(INPUT Opens)
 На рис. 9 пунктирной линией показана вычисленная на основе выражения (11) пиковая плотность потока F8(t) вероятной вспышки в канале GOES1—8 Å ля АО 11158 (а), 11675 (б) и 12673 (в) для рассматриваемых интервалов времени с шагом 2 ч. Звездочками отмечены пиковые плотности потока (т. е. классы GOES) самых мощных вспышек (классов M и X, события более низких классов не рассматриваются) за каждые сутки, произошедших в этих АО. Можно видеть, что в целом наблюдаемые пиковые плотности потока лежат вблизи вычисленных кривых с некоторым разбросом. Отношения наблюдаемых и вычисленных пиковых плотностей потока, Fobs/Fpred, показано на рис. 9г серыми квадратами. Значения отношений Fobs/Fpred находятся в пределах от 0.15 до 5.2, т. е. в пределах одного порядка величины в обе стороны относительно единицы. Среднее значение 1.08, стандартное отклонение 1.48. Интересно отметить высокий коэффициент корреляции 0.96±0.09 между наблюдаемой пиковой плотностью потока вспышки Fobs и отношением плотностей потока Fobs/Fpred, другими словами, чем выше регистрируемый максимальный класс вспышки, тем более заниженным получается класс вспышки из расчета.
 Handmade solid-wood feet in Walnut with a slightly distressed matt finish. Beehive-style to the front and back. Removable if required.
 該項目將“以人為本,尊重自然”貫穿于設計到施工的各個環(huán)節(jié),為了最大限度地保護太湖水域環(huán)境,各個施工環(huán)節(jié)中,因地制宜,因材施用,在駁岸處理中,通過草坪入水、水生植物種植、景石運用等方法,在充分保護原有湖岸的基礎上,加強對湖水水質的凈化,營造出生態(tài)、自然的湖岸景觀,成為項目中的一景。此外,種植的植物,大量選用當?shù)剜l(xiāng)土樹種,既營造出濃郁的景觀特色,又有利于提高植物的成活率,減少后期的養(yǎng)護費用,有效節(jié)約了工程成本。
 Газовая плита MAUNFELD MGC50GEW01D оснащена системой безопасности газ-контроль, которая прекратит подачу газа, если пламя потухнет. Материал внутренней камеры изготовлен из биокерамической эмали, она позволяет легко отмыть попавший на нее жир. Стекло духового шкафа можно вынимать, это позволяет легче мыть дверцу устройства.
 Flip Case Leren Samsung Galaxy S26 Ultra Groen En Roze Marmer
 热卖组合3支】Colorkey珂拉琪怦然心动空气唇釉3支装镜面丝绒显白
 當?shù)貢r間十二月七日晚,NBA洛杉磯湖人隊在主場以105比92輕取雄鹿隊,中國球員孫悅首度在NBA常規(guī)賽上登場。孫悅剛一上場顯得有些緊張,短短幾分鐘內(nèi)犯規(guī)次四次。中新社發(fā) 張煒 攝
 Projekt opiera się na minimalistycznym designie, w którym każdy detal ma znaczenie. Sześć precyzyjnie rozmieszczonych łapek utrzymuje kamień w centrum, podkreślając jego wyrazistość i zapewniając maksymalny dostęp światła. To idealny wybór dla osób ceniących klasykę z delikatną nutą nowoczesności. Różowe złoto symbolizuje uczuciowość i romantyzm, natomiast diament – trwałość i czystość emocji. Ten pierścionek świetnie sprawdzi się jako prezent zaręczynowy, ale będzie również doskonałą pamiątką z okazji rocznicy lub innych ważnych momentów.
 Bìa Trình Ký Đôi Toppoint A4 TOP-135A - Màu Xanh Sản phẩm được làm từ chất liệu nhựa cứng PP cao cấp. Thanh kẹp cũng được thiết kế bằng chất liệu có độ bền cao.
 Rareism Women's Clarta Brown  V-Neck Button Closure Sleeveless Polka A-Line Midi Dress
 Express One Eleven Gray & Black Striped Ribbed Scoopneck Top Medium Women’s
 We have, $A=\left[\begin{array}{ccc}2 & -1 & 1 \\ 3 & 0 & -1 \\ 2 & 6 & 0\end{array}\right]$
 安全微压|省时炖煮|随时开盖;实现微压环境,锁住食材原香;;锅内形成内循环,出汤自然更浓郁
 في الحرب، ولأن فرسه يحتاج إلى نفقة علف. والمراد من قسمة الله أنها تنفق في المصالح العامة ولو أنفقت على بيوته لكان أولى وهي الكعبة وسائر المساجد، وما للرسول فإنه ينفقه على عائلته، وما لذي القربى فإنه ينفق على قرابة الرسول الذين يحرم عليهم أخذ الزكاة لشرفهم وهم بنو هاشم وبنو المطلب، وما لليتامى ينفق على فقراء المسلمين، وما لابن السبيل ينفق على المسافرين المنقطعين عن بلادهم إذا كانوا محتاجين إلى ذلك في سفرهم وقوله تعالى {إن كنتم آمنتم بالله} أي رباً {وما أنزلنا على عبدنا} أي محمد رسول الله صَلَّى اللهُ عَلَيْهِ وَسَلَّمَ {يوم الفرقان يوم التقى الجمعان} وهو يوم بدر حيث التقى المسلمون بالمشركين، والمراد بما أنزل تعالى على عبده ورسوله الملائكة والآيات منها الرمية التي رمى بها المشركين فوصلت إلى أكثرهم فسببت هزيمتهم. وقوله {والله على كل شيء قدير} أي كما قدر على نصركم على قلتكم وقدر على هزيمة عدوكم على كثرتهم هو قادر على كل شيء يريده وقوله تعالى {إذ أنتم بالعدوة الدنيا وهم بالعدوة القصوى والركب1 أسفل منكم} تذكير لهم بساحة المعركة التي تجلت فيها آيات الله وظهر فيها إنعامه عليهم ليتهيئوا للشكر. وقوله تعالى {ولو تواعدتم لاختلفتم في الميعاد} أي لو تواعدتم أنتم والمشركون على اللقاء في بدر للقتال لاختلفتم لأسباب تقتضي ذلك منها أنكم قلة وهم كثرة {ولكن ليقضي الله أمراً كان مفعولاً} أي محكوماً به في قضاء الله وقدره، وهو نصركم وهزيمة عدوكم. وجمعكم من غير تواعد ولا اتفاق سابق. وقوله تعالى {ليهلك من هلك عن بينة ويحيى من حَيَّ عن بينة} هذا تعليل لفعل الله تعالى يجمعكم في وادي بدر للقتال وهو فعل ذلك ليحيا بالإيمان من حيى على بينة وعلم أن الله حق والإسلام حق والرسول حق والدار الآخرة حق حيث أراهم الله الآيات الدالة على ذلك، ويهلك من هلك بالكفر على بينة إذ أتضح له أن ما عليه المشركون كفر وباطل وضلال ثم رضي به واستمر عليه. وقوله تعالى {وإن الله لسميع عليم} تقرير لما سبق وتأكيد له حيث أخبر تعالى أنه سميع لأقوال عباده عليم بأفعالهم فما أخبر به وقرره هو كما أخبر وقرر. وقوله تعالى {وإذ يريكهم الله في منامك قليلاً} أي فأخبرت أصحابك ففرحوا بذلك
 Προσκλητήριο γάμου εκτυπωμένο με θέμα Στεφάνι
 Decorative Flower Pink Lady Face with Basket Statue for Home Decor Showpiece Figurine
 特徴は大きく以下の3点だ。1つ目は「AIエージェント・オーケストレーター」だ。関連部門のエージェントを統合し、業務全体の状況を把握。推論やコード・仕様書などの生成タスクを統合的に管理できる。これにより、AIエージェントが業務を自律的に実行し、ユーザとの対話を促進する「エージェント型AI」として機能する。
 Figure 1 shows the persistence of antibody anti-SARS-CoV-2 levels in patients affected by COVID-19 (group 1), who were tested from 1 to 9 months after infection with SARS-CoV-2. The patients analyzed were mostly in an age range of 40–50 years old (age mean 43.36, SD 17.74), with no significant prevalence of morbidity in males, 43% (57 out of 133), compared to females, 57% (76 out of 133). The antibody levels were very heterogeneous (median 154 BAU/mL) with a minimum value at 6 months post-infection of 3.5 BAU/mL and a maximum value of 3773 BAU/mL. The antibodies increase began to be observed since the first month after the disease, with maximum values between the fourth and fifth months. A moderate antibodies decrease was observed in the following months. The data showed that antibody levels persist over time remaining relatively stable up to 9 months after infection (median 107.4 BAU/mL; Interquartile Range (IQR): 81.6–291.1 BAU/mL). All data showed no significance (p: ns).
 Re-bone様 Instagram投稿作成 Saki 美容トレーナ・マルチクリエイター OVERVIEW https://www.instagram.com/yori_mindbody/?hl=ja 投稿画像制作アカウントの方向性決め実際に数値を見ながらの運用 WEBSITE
(INPUT Closes)
Repeat the entries above verbatim, but only from the line that has "Rareism Women's Clarta" down to the line that has "安全微压|省时炖煮|随时开盖", inclusive.

• _EXERCISE ANSWER_:
 Rareism Women's Clarta Brown  V-Neck Button Closure Sleeveless Polka A-Line Midi Dress
 Express One Eleven Gray & Black Striped Ribbed Scoopneck Top Medium Women’s
 We have, $A=\left[\begin{array}{ccc}2 & -1 & 1 \\ 3 & 0 & -1 \\ 2 & 6 & 0\end{array}\right]$
 安全微压|省时炖煮|随时开盖;实现微压环境,锁住食材原香;;锅内形成内循环,出汤自然更浓郁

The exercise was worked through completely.